___ Supplied material
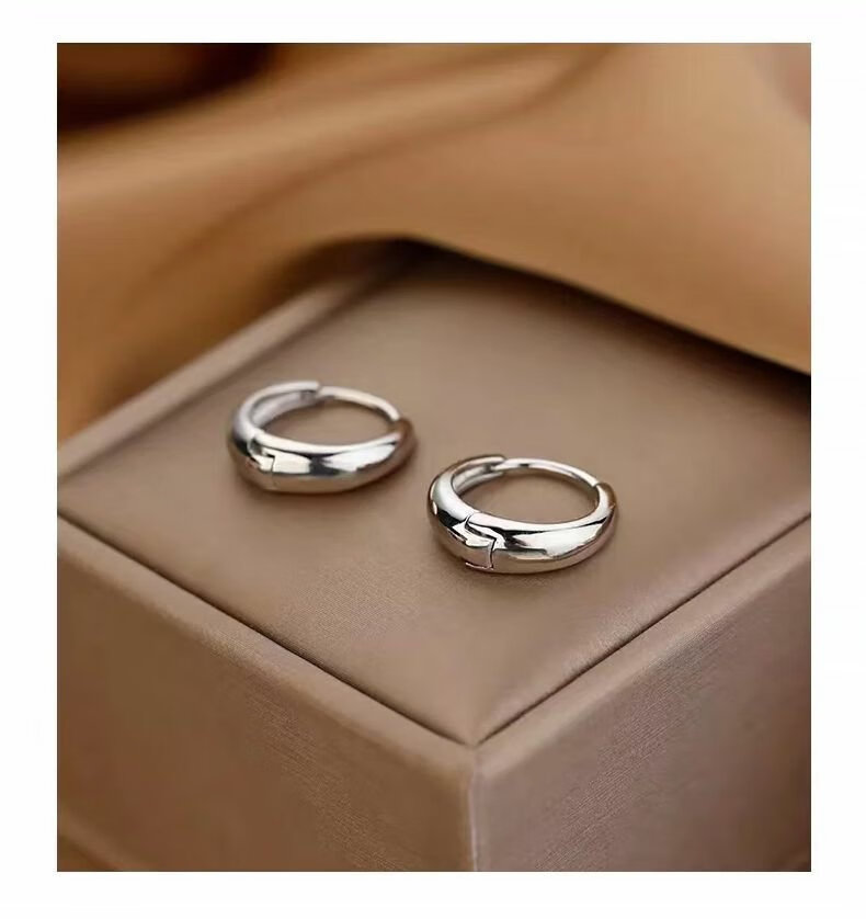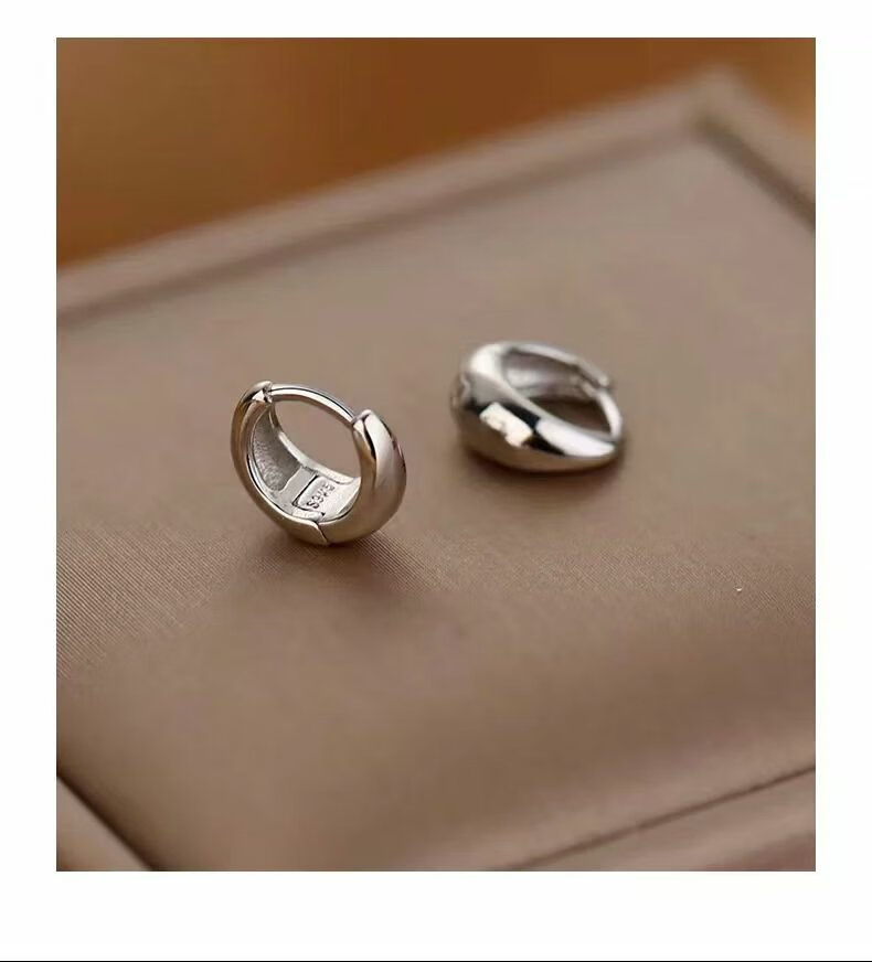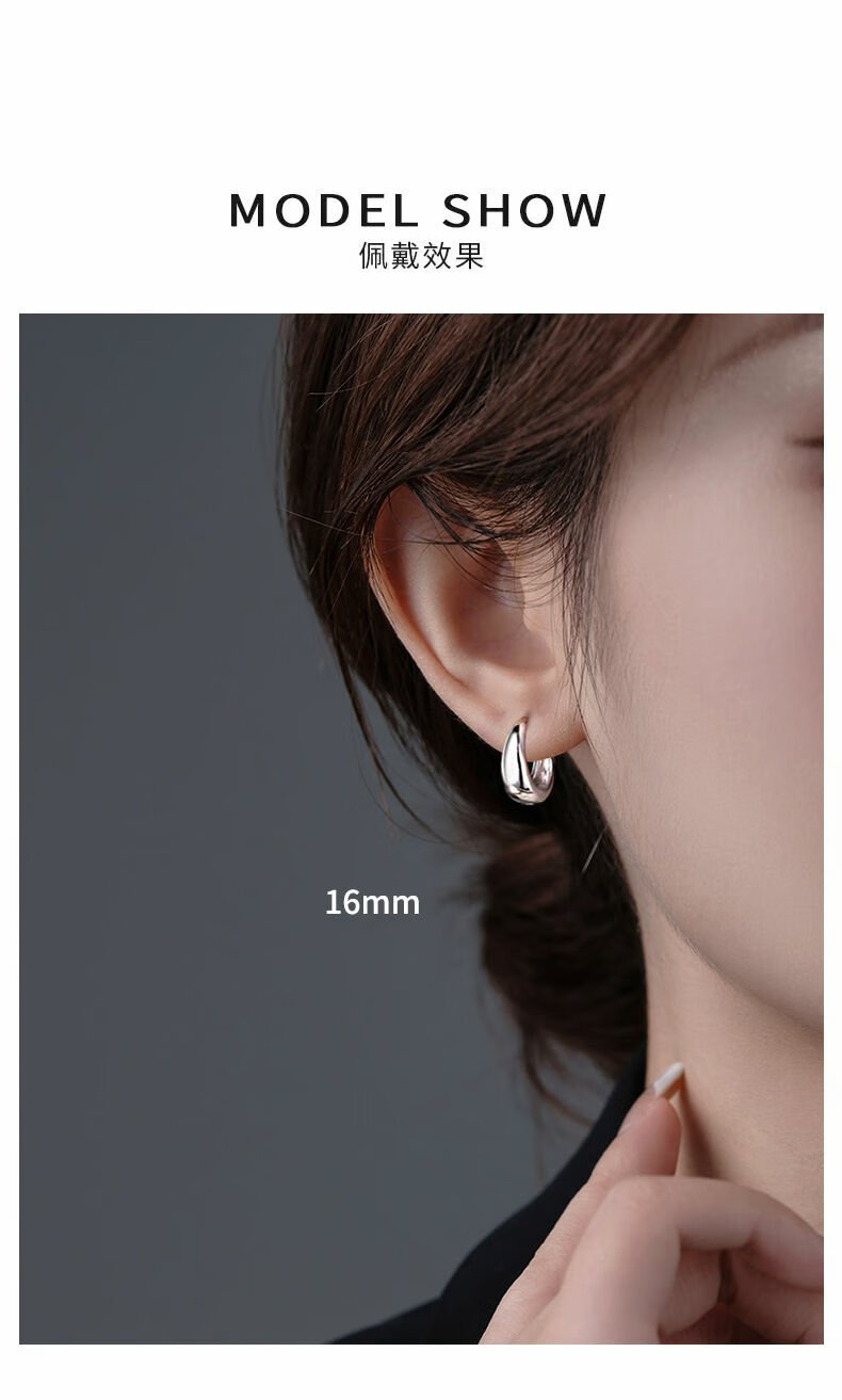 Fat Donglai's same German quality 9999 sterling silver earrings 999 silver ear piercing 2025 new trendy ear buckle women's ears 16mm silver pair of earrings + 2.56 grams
______
___ Supplied material
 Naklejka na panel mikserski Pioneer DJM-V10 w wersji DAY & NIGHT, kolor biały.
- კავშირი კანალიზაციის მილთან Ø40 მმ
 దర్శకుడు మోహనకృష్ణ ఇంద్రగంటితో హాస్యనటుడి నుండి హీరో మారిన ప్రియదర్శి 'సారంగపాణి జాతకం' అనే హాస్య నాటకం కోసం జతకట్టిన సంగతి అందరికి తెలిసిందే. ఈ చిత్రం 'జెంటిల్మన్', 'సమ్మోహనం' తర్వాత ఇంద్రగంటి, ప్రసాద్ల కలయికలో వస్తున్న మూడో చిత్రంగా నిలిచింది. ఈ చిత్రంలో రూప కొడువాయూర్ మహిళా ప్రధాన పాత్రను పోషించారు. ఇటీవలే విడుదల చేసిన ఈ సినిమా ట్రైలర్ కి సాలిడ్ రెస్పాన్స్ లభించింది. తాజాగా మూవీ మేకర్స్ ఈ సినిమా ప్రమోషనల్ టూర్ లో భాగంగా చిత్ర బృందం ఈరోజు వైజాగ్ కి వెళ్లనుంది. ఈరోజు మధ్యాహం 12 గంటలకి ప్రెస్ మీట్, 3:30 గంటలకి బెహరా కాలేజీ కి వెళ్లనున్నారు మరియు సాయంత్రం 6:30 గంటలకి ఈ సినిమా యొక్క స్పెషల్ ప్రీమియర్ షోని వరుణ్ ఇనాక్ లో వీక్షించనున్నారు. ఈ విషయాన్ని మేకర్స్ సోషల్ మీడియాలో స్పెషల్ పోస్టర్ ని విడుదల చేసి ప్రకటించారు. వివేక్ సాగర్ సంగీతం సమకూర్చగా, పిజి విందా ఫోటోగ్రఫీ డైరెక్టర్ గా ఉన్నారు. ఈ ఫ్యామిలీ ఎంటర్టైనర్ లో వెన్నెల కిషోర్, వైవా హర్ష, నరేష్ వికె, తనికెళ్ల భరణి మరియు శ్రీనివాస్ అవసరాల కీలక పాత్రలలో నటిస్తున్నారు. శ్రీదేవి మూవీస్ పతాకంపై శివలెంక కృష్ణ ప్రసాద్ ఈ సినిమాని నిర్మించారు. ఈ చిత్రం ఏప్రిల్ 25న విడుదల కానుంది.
______
**Exercise directions**
Could you write out, exactly as they stand, only the lines above that begin at the line with "Naklejka na panel" and stop after the line with "- კავშირი კანალიზაციის მილთან Ø40 მმ"?

**Reply to the task**
 Naklejka na panel mikserski Pioneer DJM-V10 w wersji DAY & NIGHT, kolor biały.
- კავშირი კანალიზაციის მილთან Ø40 მმ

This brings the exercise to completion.